[[ INFORMATION PROVIDED open ]]

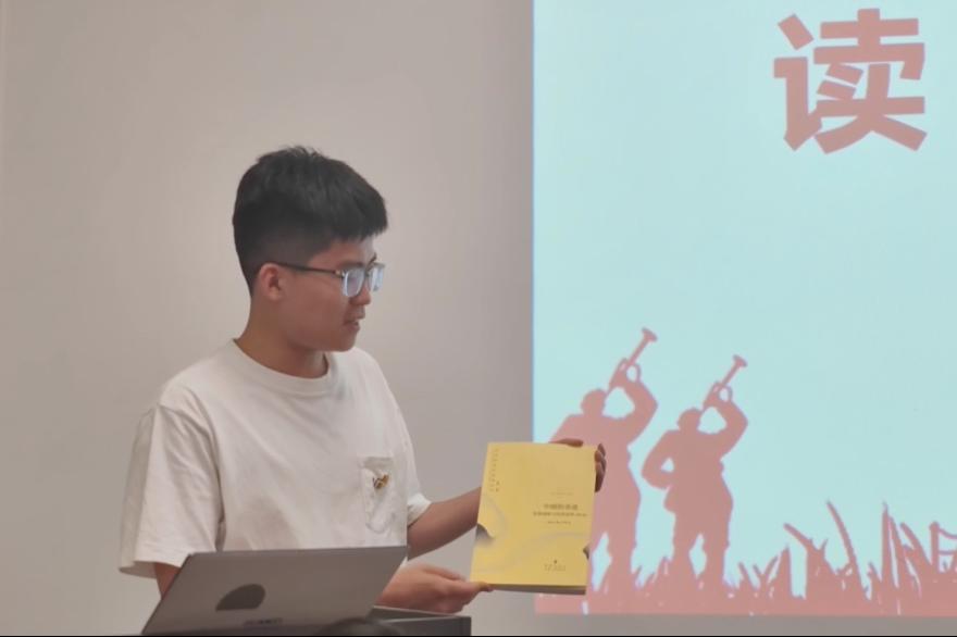随后,郑安宁分享了《习近平与大学生们》一书的感悟,她从习近平总书记与高校学子们“接地气”的谈话中了解到总书记十分亲民的一面;聂帅分享的是《习近平的七年知青岁月》中习近平总书记“带领村民打坝”、“帮村里办沼气”的两则小故事,体现了习近平总书记敢为人先、能办实事的优秀品质,她说我们国家正是有这么一群热爱国家并为之奋斗的人,才能有如此快递发展;陈旭阳分享了金庸的名篇《射雕英雄传》,从主角郭靖淳朴率真的品性和最终破虏而死的结局引申到每个人心中的英雄主义,进而又联想到自身相比抗日英雄精神意志的不足,鼓励支部成员们不囿于自己和英雄之间的差距,努力成为心目中想成为的那个人。
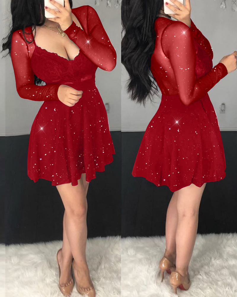 Glitter Deep V Neck Sheer Mesh & Lace Spliced Long Sleeve Mini Dress Cinched Waist Zipper Back Umbrella Hem Dress
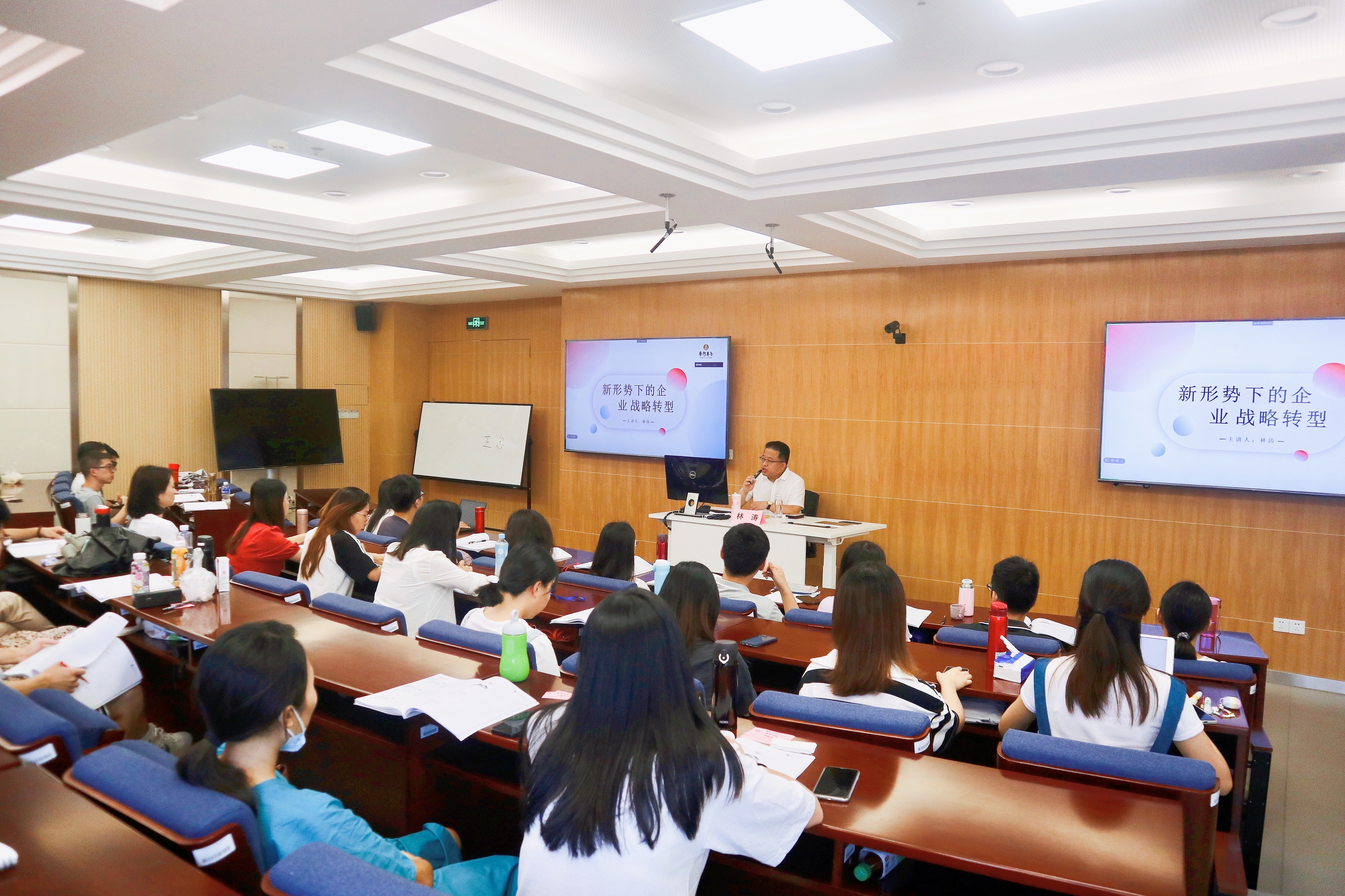 在“十四五”開局和“兩個一百年”奮斗目標的歷史交匯期,中國企業(yè)正面臨著復雜多變的形勢,亟需挖掘新動能與新的增長極,科學把握新發(fā)展階段,堅定貫徹新發(fā)展理念,積極構(gòu)建“以國內(nèi)大循環(huán)為主體、國內(nèi)國際雙循環(huán)相互促進”的新發(fā)展格局。授課中,林濤董事長以“新形勢下的企業(yè)戰(zhàn)略轉(zhuǎn)型”為主題,采用理論研究與案例分析相結(jié)合的方式,重點梳理解讀了國家宏觀經(jīng)濟形勢及產(chǎn)業(yè)發(fā)展戰(zhàn)略、“十四五”規(guī)劃綱要,分享了對中國企業(yè)改革發(fā)展趨勢的解析和判斷。
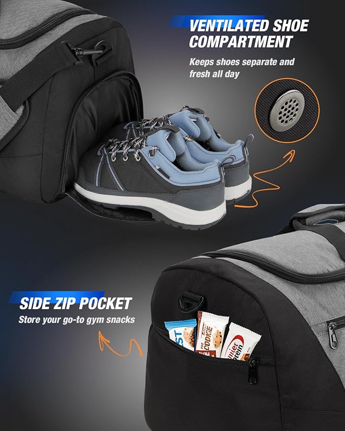 Gonex Gym Duffel Bag with Shoe Compartment Wet Pocket, Large Capacity Sports Duffle Bag for Men Women, Workout & Travel Bag with Multiple Pockets, Black/Gray, Small (30L)

[[ INFORMATION PROVIDED closed ]]

● WORK TASK
Word for word, retype all of the data above, but include no pictures.

● THE ANSWER
随后,郑安宁分享了《习近平与大学生们》一书的感悟,她从习近平总书记与高校学子们“接地气”的谈话中了解到总书记十分亲民的一面;聂帅分享的是《习近平的七年知青岁月》中习近平总书记“带领村民打坝”、“帮村里办沼气”的两则小故事,体现了习近平总书记敢为人先、能办实事的优秀品质,她说我们国家正是有这么一群热爱国家并为之奋斗的人,才能有如此快递发展;陈旭阳分享了金庸的名篇《射雕英雄传》,从主角郭靖淳朴率真的品性和最终破虏而死的结局引申到每个人心中的英雄主义,进而又联想到自身相比抗日英雄精神意志的不足,鼓励支部成员们不囿于自己和英雄之间的差距,努力成为心目中想成为的那个人。
 Glitter Deep V Neck Sheer Mesh & Lace Spliced Long Sleeve Mini Dress Cinched Waist Zipper Back Umbrella Hem Dress
 在“十四五”開局和“兩個一百年”奮斗目標的歷史交匯期,中國企業(yè)正面臨著復雜多變的形勢,亟需挖掘新動能與新的增長極,科學把握新發(fā)展階段,堅定貫徹新發(fā)展理念,積極構(gòu)建“以國內(nèi)大循環(huán)為主體、國內(nèi)國際雙循環(huán)相互促進”的新發(fā)展格局。授課中,林濤董事長以“新形勢下的企業(yè)戰(zhàn)略轉(zhuǎn)型”為主題,采用理論研究與案例分析相結(jié)合的方式,重點梳理解讀了國家宏觀經(jīng)濟形勢及產(chǎn)業(yè)發(fā)展戰(zhàn)略、“十四五”規(guī)劃綱要,分享了對中國企業(yè)改革發(fā)展趨勢的解析和判斷。
 Gonex Gym Duffel Bag with Shoe Compartment Wet Pocket, Large Capacity Sports Duffle Bag for Men Women, Workout & Travel Bag with Multiple Pockets, Black/Gray, Small (30L)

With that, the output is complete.